趁有时间整理一下毕业论文的模型代码,主要用到的算法有XGBoost,SVM,Ensemble learning,LR,RF,NN,K-近邻;
- 构建的初始信贷风险评估指标体系指标太多,信息冗余容易出现过拟合的状况,此处精简指标主要用到的是XGBoost的特征重要性排序,选择它是因为可以通过加入正则项控制模型复杂度,加快算法训练速度,提升模型运行效率。
library(caret)
input39 <- read_excel("C:/Users/Libby/OneDrive/Data for thesis/定稿/input39.xlsx")
sum(is.na(input39))
input39[is.na(input39)]<-0#缺失值用0填补
scainput<-scale(input39[,2:41]) #标准化
input<-data.frame(input39[,1],scainput)
#均衡化,二分类数据分布不均衡很影响分类结果,做一个均衡化处理
library(DMwR)
table(input$Y)
Y<-as.factor(input$Y)
finput<-data.frame(Y,input[,2:41])
binput<-SMOTE(Y~.,finput,perc.over = 200,perc.under = 160)
table(binput$Y)
#xgboost
library(xgboost)
library(Matrix)
library(Ckmeans.1d.dp)
set.seed(100)
sam<-sample(nrow(binput),nrow(binput)*0.7)#划分训练集和测试集
xtr<-binput[sam,]
xte<-binput[-sam,]
xdtr<-data.matrix(xtr[,-1])#训练集解释变量矩阵
ydtr<-xtr[,1]#被解释变量
dtr<-xgb.DMatrix(data = xdtr,label=ydtr)
xdte<-data.matrix(xte[,-1])
ydte<-xte[,1]
dte<-xgb.DMatrix(data = xdte,label=ydte)
xgb<-xgboost(data = dtr,nrounds = 5)
importance<-xgb.importance(model = xgb)
xgb.plot.importance(importance)
inpnames<-inputchinese[,-1]#画图需要将变量名字转换为中文
inp<-xgb.importance(names(inpnames),model = xgb)
xgb.plot.importance(inp)
pre_xgb<-round(predict(xgb,newdata = dte))
table(pre_xgb,xte$Y)
xgb.plot.importance(inp)
xdtr1<-data.matrix(xtr[,-c(1,6,26,35,17,7,14,13,29,3,5,19,40,10,27,32,30,31,34,4,9,16,18,23,33,38)])#剔除不重要变量
dtr1<-xgb.DMatrix(data = xdtr1,label=ydtr)

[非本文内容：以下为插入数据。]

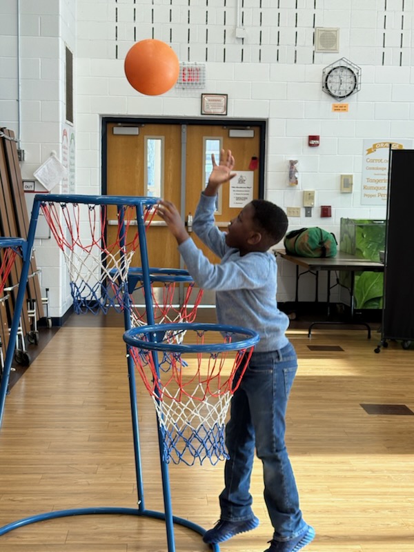 During a recent A.P.E. lesson, students worked together to complete a structured warm-up with a focus on balance and body control. This helped prepare their bodies for movement while reinforcing foundational motor skills. Students then participated in a parachute activity, which encouraged teamwork and provided practice in following multi-step directions and coordinating movements with peers.

xdte1<-data.matrix(xte[,-c(1,6,26,35,17,7,14,13,29,3,5,19,40,10,27,32,30,31,34,4,9,16,18,23,33,38)])
dte1<-xgb.DMatrix(data = xdte1,label=ydte)
xgb1<-xgboost(data = dtr1,nrounds = 5)
importance1<-xgb.importance(model = xgb1)
xgb.plot.importance(importance1)#
pre_xgb1<-round(predict(xgb1,newdata = dte1))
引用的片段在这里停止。